In the context of the COVID 19 pandemic I will close with the usual summary.
- Avoid alcohol consumption (alcohol wreaks havoc with your immunity)
- Get plenty of sleep (without adequate sleep your immune system does not work well )
- Follow good sleep habits
- Exercise, especially out of doors in a green space, supports the immune system
- Get some sunshine and make sure you have adequate Vitamin D levels. Supplement with Vitamin D3 to get your levels above 30 ng/ml, >40ng/ml arguably better.
- Eat an anti-inflammatory diet rich in micronutrients.
- Practice stress reduction like meditation and yoga which improves the immune system
- Eliminate sugar-added foods and beverages from your diet. These increase inflammation, cause metabolic dysfunction, and suppress immunity.

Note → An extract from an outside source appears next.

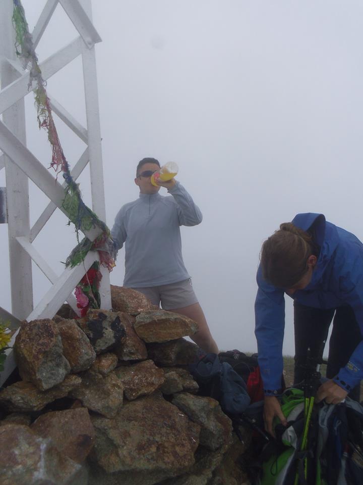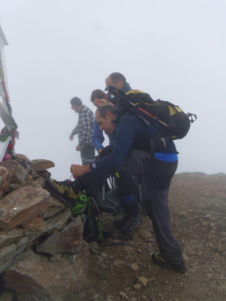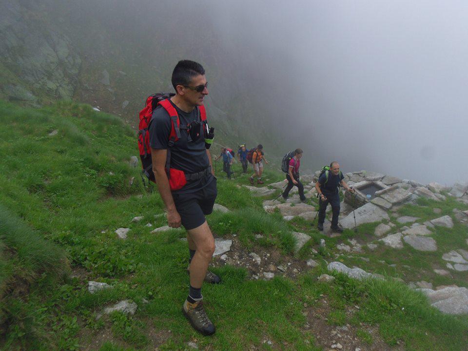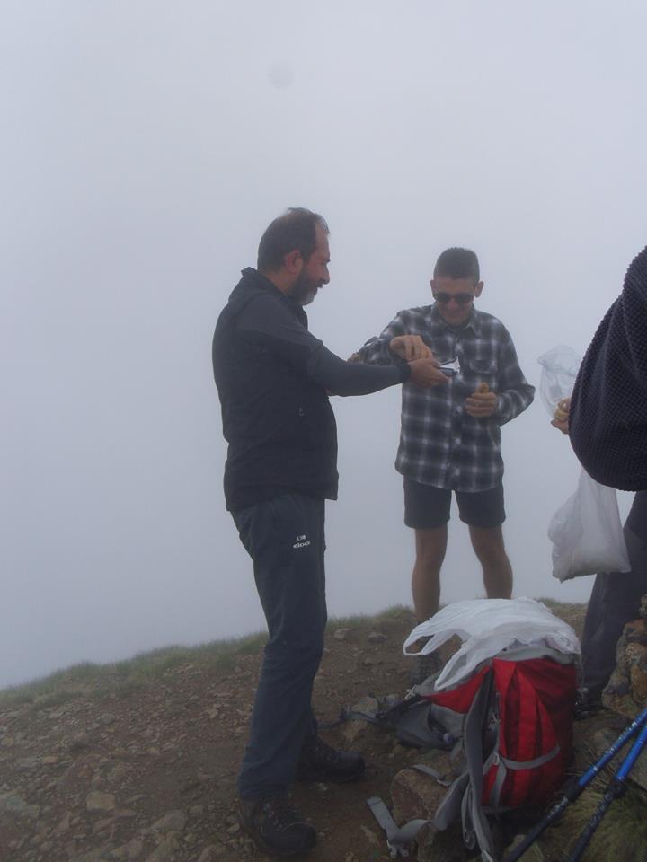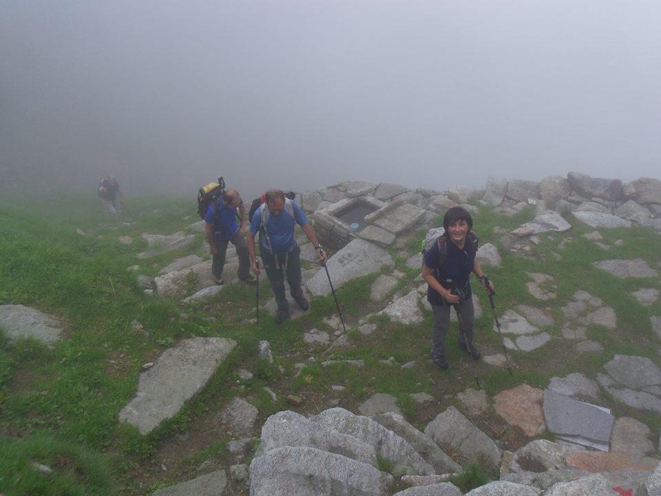 In cima alle 12.30 tra le nebbie col socio, raggiunti al Rif. Fornetto da 8 ugettini, percorso ben segnato.

- Eliminate refined-inflammatory “vegetable oils” from your diet, instead eat healthy fat.
- Clean up your home environment and minimize your family’s exposure to environmental toxins by following recommendations at EWG.org with regards to household products, personal care products, and organic foods. (https://www.ewg.org/)
- Drink water filtered through a high quality system that eliminates most environmental toxins. (Such as a Berkey or reverse osmosis filter)
- HEPA filters or the home-made version (Corsi-Rosenthal box) used in your home or workplace can reduce circulating viral load by 80%. This works for any respiratory virus transmitted by aerosol and this winter we have the triple threat of RSV, Influenza, and SARS-CoV-2. It also decreases indoor air pollution.
- If you are eligible for vaccination, consider protecting yourself and your neighbor with a few jabs. Age > 50 and/or risk factors (Diabetes, pre-diabetes, insulin resistance, hypertension, obesity, heart disease, COPD, asthma, cancer treatment, immune suppression) suggests benefit from a booster. Risk for complications of boosters in adolescents, especially males, without risk factors, may equal benefit. Previous infection with Covid can be considered as protective as a booster. Discuss risk vs benefits with your doctor.
THIS WEBSITE PROVIDES INFORMATION FOR EDUCATIONAL PURPOSES ONLY. CONSULT YOUR HEALTH CARE PROVIDER FOR MEDICAL ADVICE.
Eat clean, drink filtered water, love, laugh, exercise outdoors in a greenspace, get some morning sunlight, block the blue light before bed, engage in meaningful work, find a sense of purpose, spend time with those you love, AND sleep well tonight.